Let's demonstrate this on the MNIST handwritten digits data set, where we want to learn a model that can distinguish 2's from 9's without any training labels.
In [3]:
from keras.datasets import mnist
(X_train, y_train), (X_test, y_test) = mnist.load_data()
X_train = X_train[(y_train == 2) | (y_train == 9)]
X_test = X_test[(y_test == 2) | (y_test == 9)]
y_test = y_test[(y_test == 2) | (y_test == 9)]
n, d = X_train.shape[0], 784
X_train = X_train.reshape(n, d)
X_test = X_test.reshape(X_test.shape[0], d)
Now, we have to implement the initialization step by hand because it's currently not built-in. First we use K-means to cluster the data and assign preliminary labels. Then, we train our neural network model for some amount of time on those labels. Lastly, we use EM to refine our labels just in case the initial K-means cluster was not good enough. This procedure is essentially identical to the built-in initialization for mixtures, with the only difference being that all the complexities of training a neural network replace the simplicity of fitting a probability distribution.
In [4]:
from sklearn.cluster import KMeans
from pomegranate import GeneralMixtureModel
from pomegranate import NeuralNetworkWrapper
from keras.layers import Dense
from keras.models import Sequential
numpy.random.seed(111)
# Use k-means to get an initial clustering of our data
y_init = KMeans(2).fit_predict(X_train)
y_kmeans = numpy.zeros((n, 2))
y_kmeans[numpy.arange(n), y_init] = 1
# Define the neural network model. Here we use a simple model for illustration.
nn = Sequential([
Dense(128, input_dim=d, activation='relu'),
Dense(2, activation='softmax')
])
nn.compile(loss='categorical_crossentropy', optimizer='adam')
# Now we fit to the k-means defined labels.
nn.fit(X_train, y_kmeans, epochs=10, verbose=False)
# Here we define our wrappers---one for each component in our mixture / each class in our neural model
d1 = NeuralNetworkWrapper(nn, 0, d, 2)
d2 = NeuralNetworkWrapper(nn, 1, d, 2)
# We feed the wrapper into the mixture model as you would a normal distribution
model1 = GeneralMixtureModel([d1, d2])
# Now we fit the model using EM, just as one would with built-in distributions
model1.fit(X_train, max_iterations=10, stop_threshold=0.1)

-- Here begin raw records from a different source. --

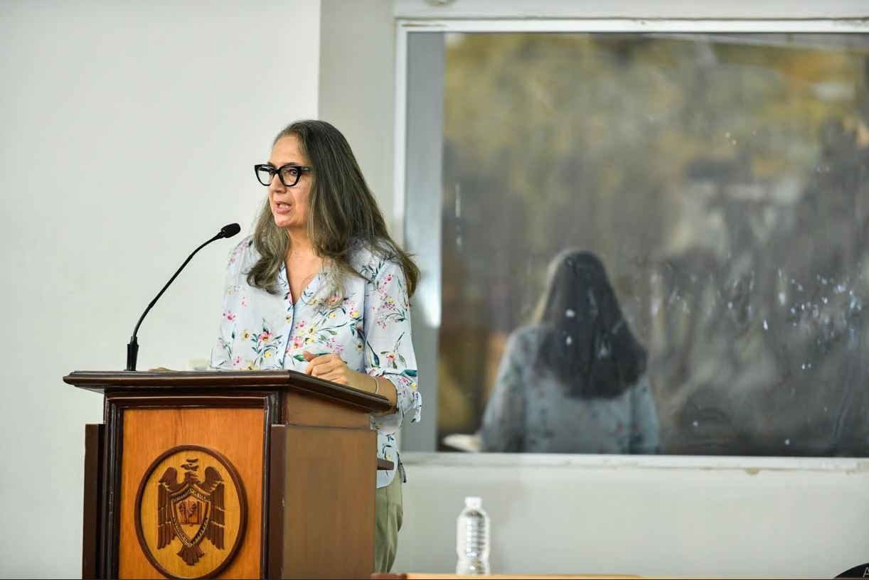 Elvia González del Pliego Dorantes, consultora independiente en estudios de género y cultura de paz, impartió la conferencia inaugural del 16 Coloquio Internacional “Género y cultura de paz: Coordenadas para la transformación social”, en el Auditorio de la Facultad de Ciencias Políticas y Sociales de la Universidad de Colima (UdeC).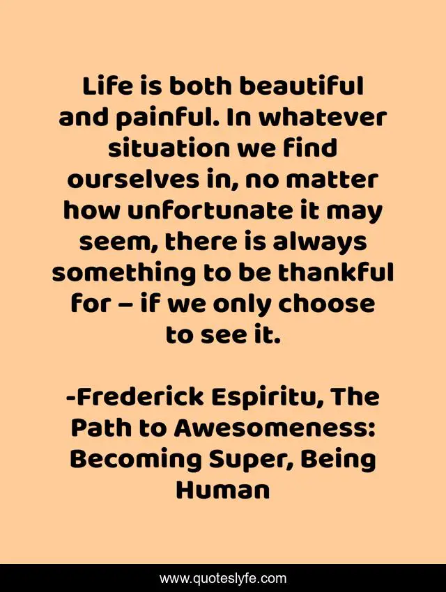 This page presents the quote "Life is both beautiful and painful. In whatever situation we find ourselves in, no matter how unfortunate it may seem, there is always something to be thankful for – if we only choose to see it.". Author of this quote is Frederick Espiritu, The Path to Awesomeness: Becoming Super, Being Human. This quote is about gratitude, life,.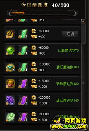 【活跃度】玩家在七杀中参加日常活动,能够获得活跃度。打开右上的“活”图标能够看到哪些活动能够获得多少活跃度,也可以领取相应的活跃度奖励。一般做完一些除魔卫道、石原隘口等经验副本就能轻松获得30活跃度,领取个肉脯喂行会神兽,然后大家就不关注了。其实活跃度奖励是相当丰富的,包括5级黑水晶、状元红、经验符等等,还有将近400W的绑定金币和5500绑定元宝,又是一大笔收入哈!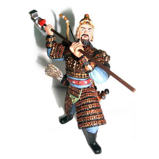 This is Chinese soldier figurine with weapon. The figuring is holding a spear and it is equipped with arrows and sword. An ideal collectible for different ages.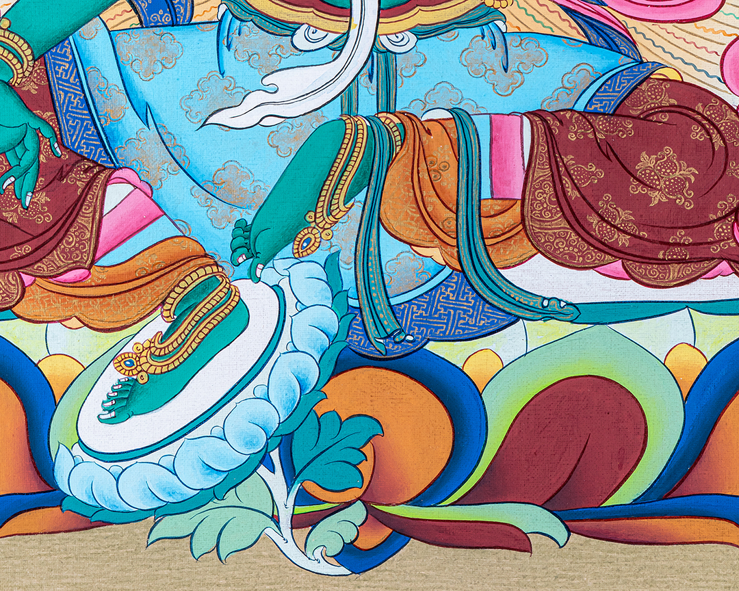 P.S. All thankas are painted taking references from Buddhist books following the correct iconography and by master artists, making it authentic traditional handmade Tibetan art. The subtle facial expression is one factor to distinguish the real effort put into creating this masterpiece.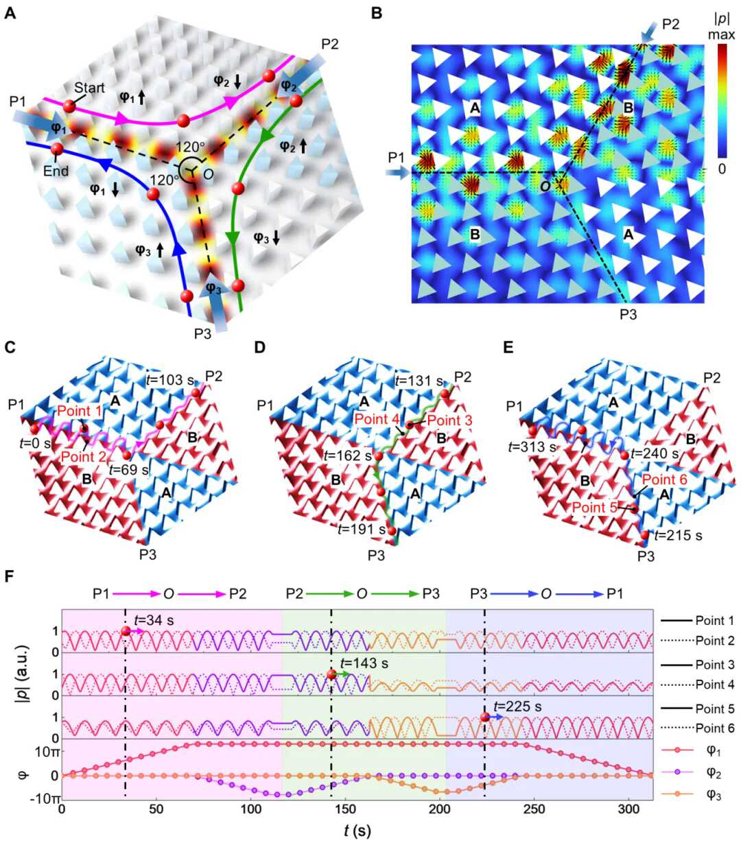 圖4:拓?fù)滟|(zhì)量循環(huán)。(A) 拓?fù)渎晫W(xué)循環(huán)器示意圖。(B) 聲波從端口P1和P2入射時(shí)的仿真聲壓場(chǎng)分布。黑色箭頭描繪了聲輻射力的方向。(C)至(E)分別展示從端口P1到P2、從P2到P3、從P3到P1質(zhì)量輸運(yùn)的實(shí)驗(yàn)結(jié)果。(F) 三個(gè)端口處聲源相位的時(shí)序變化,以及在(C)至(E)中標(biāo)記的六個(gè)點(diǎn)處計(jì)算得到的聲壓幅值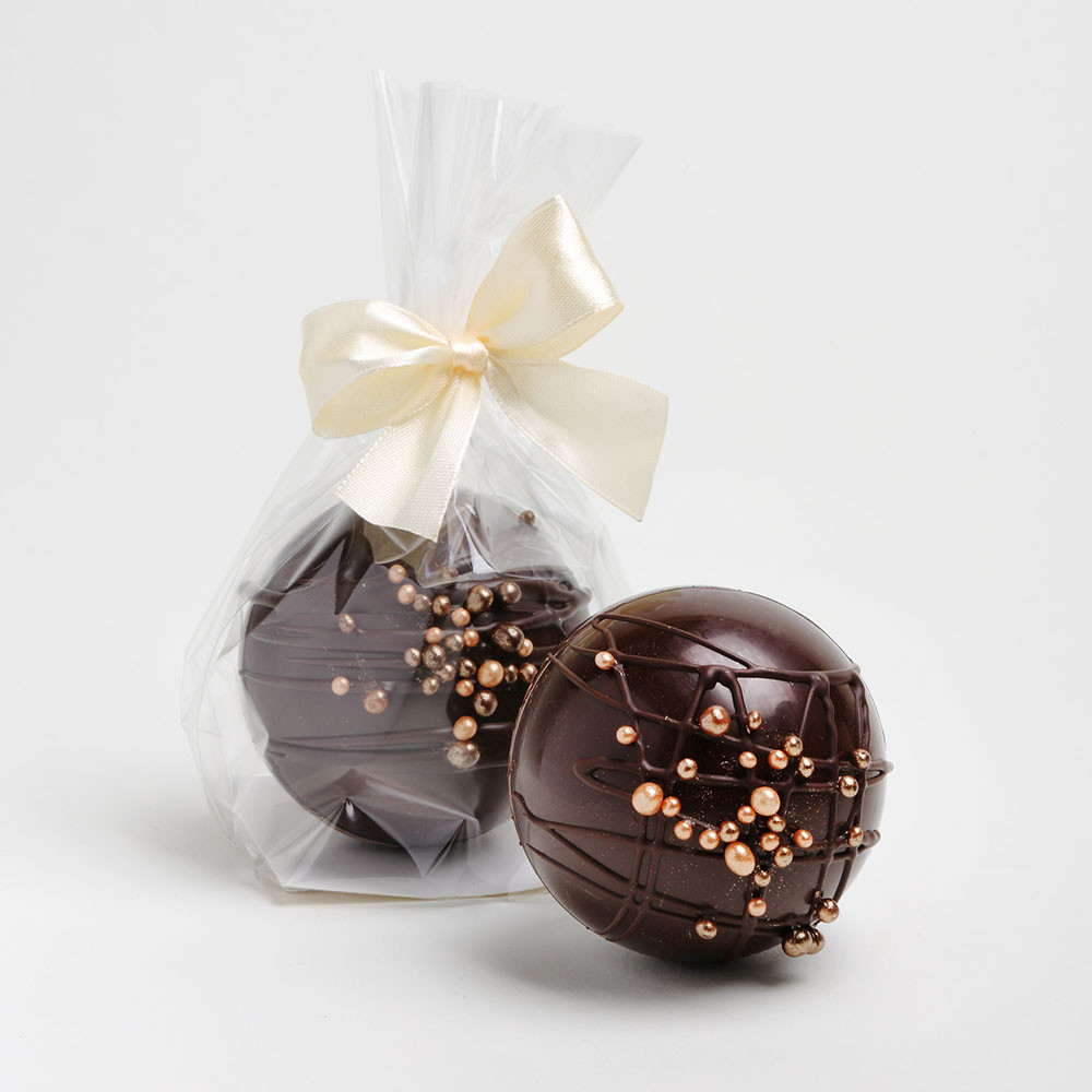 Kézműves belga étcsokoládé gömb, ropogós ostyagolyókkal díszítve, pillecukorral töltve. Elkészítés: Tegye a gömböt egy bögrébe, öntsön rá 1,5-2dl forró tejet, majd alaposan keverje össze a csokoládé feloldódásáig. Elkészítése látványos móka, fogyasztása mennyei érzés! Nyáron jéggel is kitűnő ital!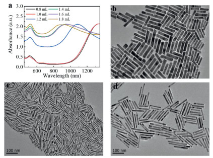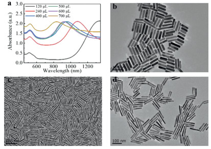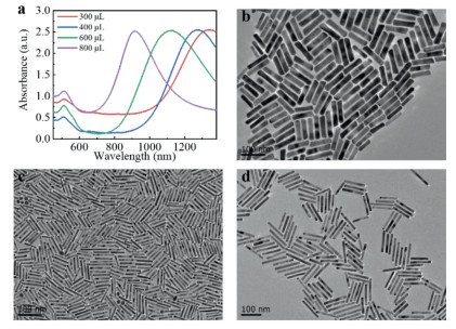 As an essential part of the growth solution, the concentration of chloroauric acid ions has a great effect on the growth of AuNRs. As shown in Fig. 3, firstly we added 0.45 mmol/L chloroauric acid into the growth solution, LSPR peak reached 1340 nm and the aspect ratio was about 15.2, as shown in Fig. 3d. When the concentrations of chloroauric acid were increased to 0.60 mmol/L, 0.87 mmol/L, and 1.13 mmol/L respectively, LSPR peaks blue-shifted to 1270 nm, 1120 nm, and 915 nm, respectively, and the aspect ratios decreased to 12.5, 10.5, 5.5 approximately. AuNRs with aspect ratios of 12.5, 10.5, 5.5 were shown in Figs. 2d, 3c, and 3b.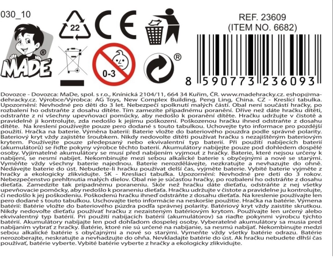 Tablica wykonana jest z wytrzymałego plastiku, jest lekka i bezpieczna do codziennego użytku. Wystarczy napisać lub narysować i jednym naciśnięciem wszystko wymazać – bez papieru i bez bałaganu. Zasilanie zapewnia bateria LR2025, która znajduje się w zestawie, więc możesz zacząć używać od razu.

# And make predictions just as one would with normal distributions
y_hat = model1.predict(X_test)
Let's take a look at the clusters that are found using this approach.
In [5]:
plt.figure(figsize=(10, 3))
X_test_r = X_test.reshape(X_test.shape[0], 28, 28)
for i in range(1, 11):
plt.subplot(2, 10, i)
plt.imshow(X_test_r[y_hat == 0][i], cmap='Greens')
plt.axis('off')
plt.subplot(2, 10, i+10)
plt.imshow(X_test_r[y_hat == 1][i], cmap='Reds')
plt.axis('off')
plt.tight_layout()
Looks good! One cluster clearly seems to be 2's, and one clearly appears to be 9's.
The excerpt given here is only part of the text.